Snacks: Friends or Foes?

Snacks: Friends or Foes?

fitness snackAs registered dietitians, one of the things that people share with us the most is the steps they are taking to get healthier and lose weight. What we typically find most interesting is what people tell us about their snacking habits in their quest to be healthier. Some people say they don’t snack at all when they are on the healthy train, while others proudly announce that they religiously have an afternoon bite to shed pounds. So what’s the deal with snacks and why do people have such different beliefs about them?

The truth is that an afternoon snack can be helpful or harmful for your health or weight-loss goals. If you make a poor choice, you’re typically better off not eating a snack at all. However, if you choose a wise snack at an appropriate time, it will help create a winning situation and set you up for an energy and mood boost and successful weight loss. Here’s why:

Having a small amount of food in between lunch and dinner is a perfect way to curb your hunger and sneak some extra nutrients into your day. Eating something every four hours keeps your blood sugar (glucose) levels more stable, preventing dips. This means you’ll feel more energized and alert because glucose is your brain’s main source of fuel—and this food will tide you over and prevent overeating at dinner. Not so if you choose a snack that works against you!

What makes a snack a foe?

A snack backfires when it’s low in fiber, protein and nutrients. So if you reach for these types of snack foods (think potato chips, soda or candy) you risk overeating because they don’t have much “staying power” and won’t keep you feeling satisfied. Typically, you’ll eat more of these foods to try and satisfy your hunger. Also, you miss the opportunity to add energizing and performance-enhancing nutrients to your diet. In fact, these foes can cause you to have energy lows and crashes—signaling you to eat more food—which is definitely not ideal if you’re hoping to lose weight!

What makes a snack a friend?
These are the key ingredients:

1. Protein and fiber: This is the power combo for satiety. If you want a snack to provide long-lasting energy, prevent mood swings and a growling belly, be sure to include both protein and fiber. (See examples below.)

2. Your healthy snack option should be between 100 and 200 calories if you’re a female and up to 250 calories if you’re a male. You may need the higher amount to tide you over and prevent overeating at dinner if it will be hours before mealtime—or if you’ll be exercising before dinnertime. (You can test this to see if the higher-calorie snack helps.) Go for fewer calories if you’re simply satisfying a craving.

3. Portable so you can be prepared. Although not critical when it comes to a winning snack, it’s good to always have one or two good on-the-go snacks on hand to prevent succumbing to a snack “foe” like vending machine options in a weak moment!

Tip: Use your snack as a chance to take in extra vitamins, minerals and fiber from wholesome food.

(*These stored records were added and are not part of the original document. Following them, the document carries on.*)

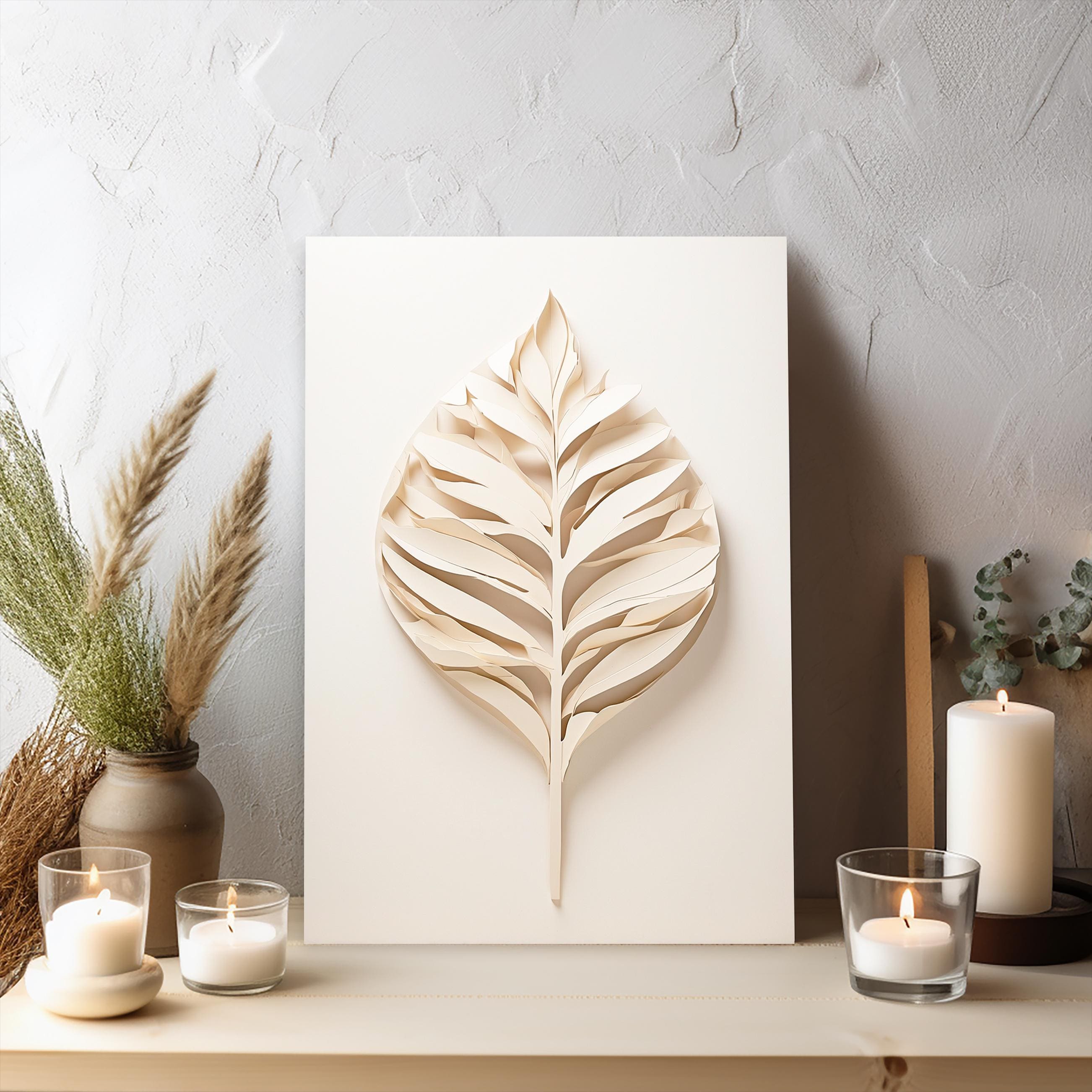 "Sol Leaf" embodies the art of simplicity through absence and form. A single abstract leaf shape, cut from soft muted beige, rests against a tranquil ivory backdrop — creating an elegant balance of contrast and calm. The clean composition and gentle tones highlight the beauty of negative space, resulting in a timeless piece that feels effortlessly refined.
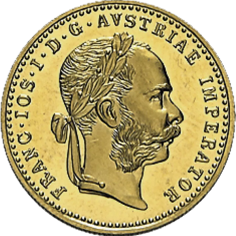 Auf der Vorderseite der 1 Dukat Goldmünzen aus Österreich ist das Portrait des Kaisers Franz Joseph 1. von Österreich (1830 – 1916) mit einem Lorbeerkranz auf seinem Haupt abgebildet. 1872 wurde dieses Motiv des österreichischen Kaisers erstmals für die Prägung der Golddukaten gewählt und wird heute noch für die Nachprägungen verwendet. Die Umschrift am Münzrand der 1 Dukaten Goldmünze lautet: FRANC IOS I D G AVSTRIAE IMPERATOR, dies bedeutet: Franz Joseph 1. durch Gottes Gnaden Kaiser der Österreicher.
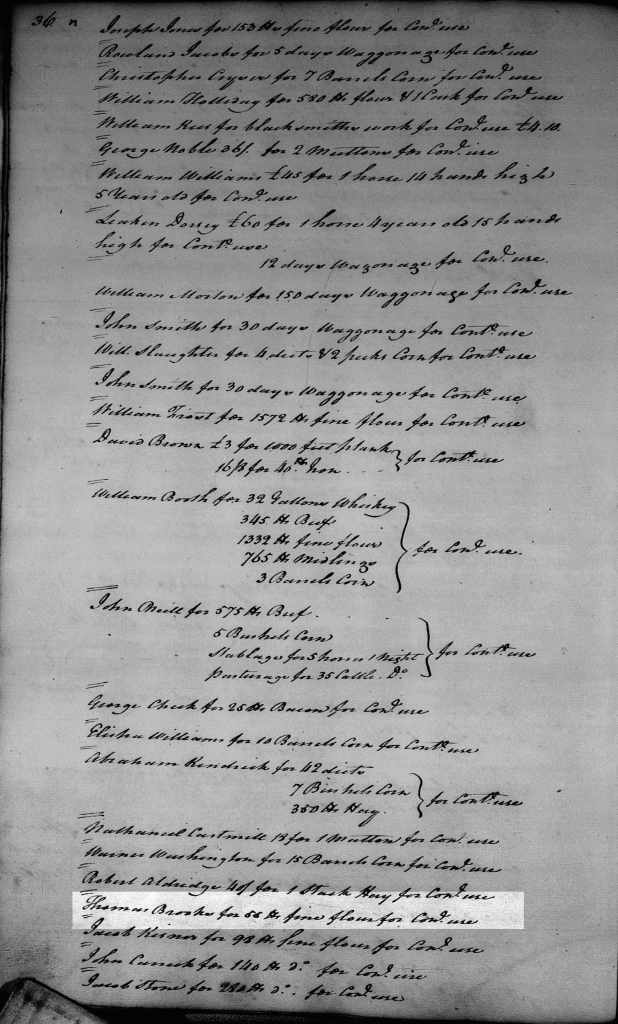 [56] Virginia Auditor of Public Accounts, Public Service Claims Certificates: Frederick County, Thomas Brooks, #12361 (arranged alphabetically by counties; originals at State Library of Virginia; online at Family Search site). See also see Janice L. Abercrombie and Richard Slatten, comp. and transc., Virginia Revolutionary Publick Claims, vol. 2 (Athens, Georgia: Iberian, 1992), p. 378.

Try these snack ideas that have a protein, fiber and calorie combo:

  • -Baby carrots and edamame hummus
  • -An apple with a level tablespoon of peanut butter (or other nut butter) sprinkled with cinnamon
  • -A hardboiled egg, celery and sugar snap peas
  • -Non-fat yogurt topped with berries or one tablespoon of granola
  • -Edamame (We love it plain, but you can dip in mustard or low-fat ranch dressing if you wish!)
  • -Cucumber with low-fat cottage cheese
  • -Cucumber Tuna Sammies (Cucumbers make a light and refreshing mini “bread” for tuna sandwiches. Slice the cucumber into coin-like shapes and make mini sammies or slice it length-wise and spread tuna with dijonnaise in between two slices)
  • -Several whole-grain crackers with black bean dip and salsa (We like Ry-Krisp crackers, which have 30 to 50 calories a sheet.)